## About this task
A word-for-word copy of the data is what's wanted, with no pictures.

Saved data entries
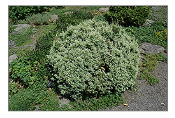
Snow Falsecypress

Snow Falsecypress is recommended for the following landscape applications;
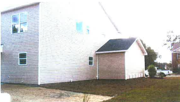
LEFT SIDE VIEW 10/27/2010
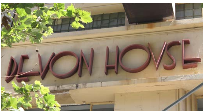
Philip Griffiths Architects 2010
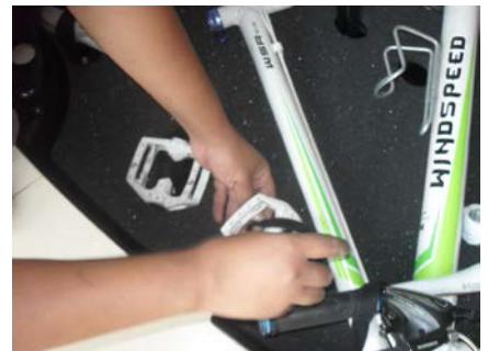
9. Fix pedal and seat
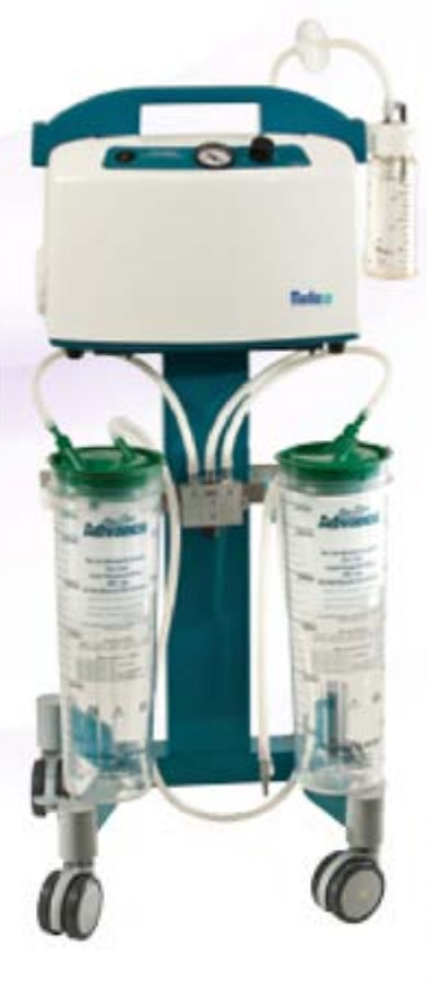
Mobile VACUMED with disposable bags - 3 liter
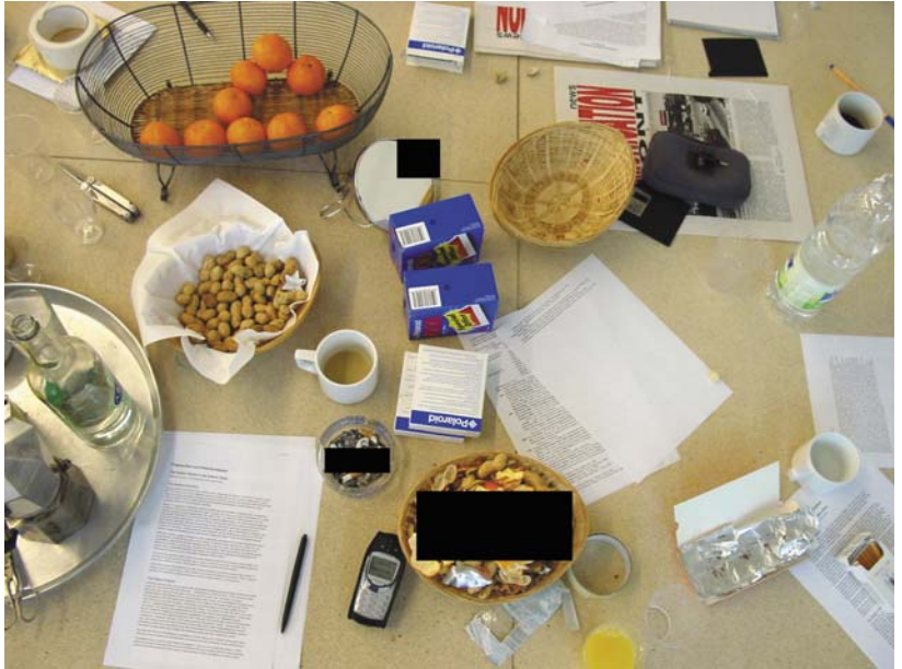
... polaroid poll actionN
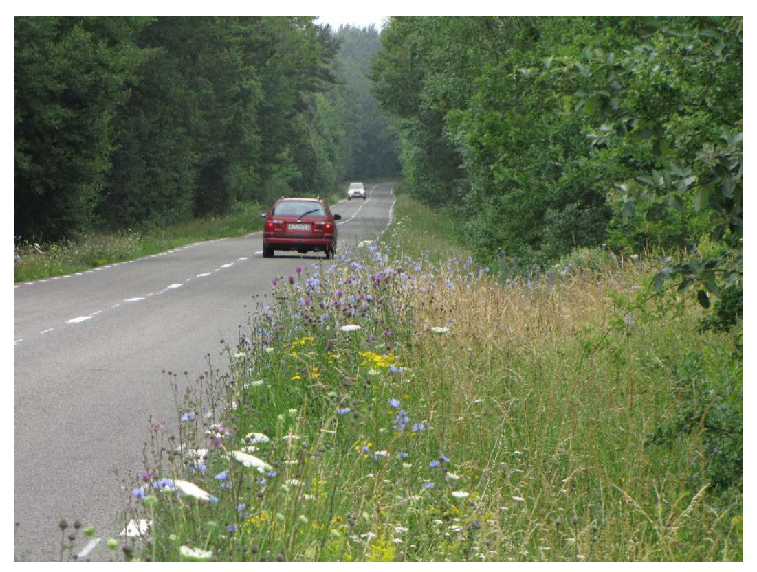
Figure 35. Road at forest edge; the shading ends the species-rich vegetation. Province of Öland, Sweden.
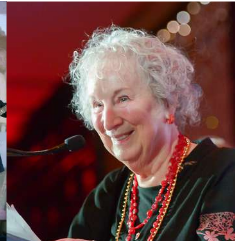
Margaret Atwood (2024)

## Response box
Snow Falsecypress

Snow Falsecypress is recommended for the following landscape applications;
LEFT SIDE VIEW 10/27/2010
Philip Griffiths Architects 2010
9. Fix pedal and seat
Mobile VACUMED with disposable bags - 3 liter
... polaroid poll actionN
Figure 35. Road at forest edge; the shading ends the species-rich vegetation. Province of Öland, Sweden.
Margaret Atwood (2024)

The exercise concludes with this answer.